Investing.com--Most Asian currencies rose slightly on Tuesday, tracking some weakness in the dollar amid uncertainty over upcoming U.S. inflation data and a Federal Reserve decision on interest rates.
The Chinese yuan was the sole outlier for the day, falling 0.2% to an over six-month low after the People’s Bank of China trimmed a short-term lending rate, its first such move in 10 months.
The rate-sensitive South Korean won was the best performer in the region, up 0.5%, while the Japanese yen added 0.1% ahead of a Bank of Japan meeting this week.
Dollar creeps lower before slew of cues
The dollar weakened in Asian trade, coming further off recent two-month highs as markets awaited more cues from consumer price index inflation data on Tuesday and a Fed meeting on Wednesday.
The dollar index and dollar index futures fell about 0.1% each.
CPI data due later in the day is expected to show that U.S. inflation grew at a slower pace in May than the prior month. But the reading is still expected to be twice as much as the Fed’s annual target range of 2%.
The inflation reading is also widely expected to factor into the Fed’s decision on interest rates at the conclusion of a two-day meeting on Wednesday. While the central bank is expected to hold rates steady, markets remained on edge over any hawkish surprises.
Still, with U.S. rates set to remain higher for longer this year, Asian currencies are expected to remain under pressure.

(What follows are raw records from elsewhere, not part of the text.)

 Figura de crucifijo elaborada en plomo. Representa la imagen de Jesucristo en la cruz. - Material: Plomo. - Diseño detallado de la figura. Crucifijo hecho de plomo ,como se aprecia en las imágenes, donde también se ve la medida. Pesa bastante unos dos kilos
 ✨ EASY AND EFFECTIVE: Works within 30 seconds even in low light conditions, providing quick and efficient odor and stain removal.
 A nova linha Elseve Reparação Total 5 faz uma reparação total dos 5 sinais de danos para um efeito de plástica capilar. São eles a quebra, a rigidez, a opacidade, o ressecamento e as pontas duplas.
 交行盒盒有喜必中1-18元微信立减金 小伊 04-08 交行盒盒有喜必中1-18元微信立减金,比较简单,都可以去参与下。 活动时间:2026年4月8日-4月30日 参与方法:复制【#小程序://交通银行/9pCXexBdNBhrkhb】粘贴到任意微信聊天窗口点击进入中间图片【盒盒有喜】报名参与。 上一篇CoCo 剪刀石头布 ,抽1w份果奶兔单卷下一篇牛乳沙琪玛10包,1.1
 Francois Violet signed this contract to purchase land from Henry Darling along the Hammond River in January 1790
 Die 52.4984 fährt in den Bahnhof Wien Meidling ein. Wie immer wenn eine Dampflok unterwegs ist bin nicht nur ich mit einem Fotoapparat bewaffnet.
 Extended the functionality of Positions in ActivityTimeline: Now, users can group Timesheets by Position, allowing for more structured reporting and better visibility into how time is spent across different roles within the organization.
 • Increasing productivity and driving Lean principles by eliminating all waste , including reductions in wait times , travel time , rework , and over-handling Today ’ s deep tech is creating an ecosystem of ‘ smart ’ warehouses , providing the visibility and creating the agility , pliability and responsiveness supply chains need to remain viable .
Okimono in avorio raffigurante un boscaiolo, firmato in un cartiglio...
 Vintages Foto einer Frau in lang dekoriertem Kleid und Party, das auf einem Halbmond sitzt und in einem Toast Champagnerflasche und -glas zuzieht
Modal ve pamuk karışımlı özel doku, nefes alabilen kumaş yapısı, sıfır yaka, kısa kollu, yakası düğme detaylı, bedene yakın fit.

Weak inflation readings in Asia also weighed on some currencies. The Indian rupee fell 0.1% after data on Monday showed consumer inflation fell more than expected in May.
Chinese yuan lags after rate cut
The Chinese yuan fell to 7.1694 against the dollar, hitting a new six-month low as a rate cut by the PBOC further weakened the appeal of the currency.
The PBOC cut its seven-day reverse repo rate by 10 basis points to 1.90% from 2.00%, its first such rate cut after the bank trimmed its Loan Prime Rate in August.
Markets have been positioning for a Chinese rate cut in recent weeks as data showed that a post-COVID economic recovery in the country rand dry.
Several Chinese state-owned banks also began cutting their rates on yuan deposits, heralding a broader, benchmark rate cut by the PBOC in the coming weeks.
Pessimism over China held back gains in currencies exposed to the country. Australia’s dollar was flat on Tuesday, also coming under pressure from a weak consumer sentiment reading.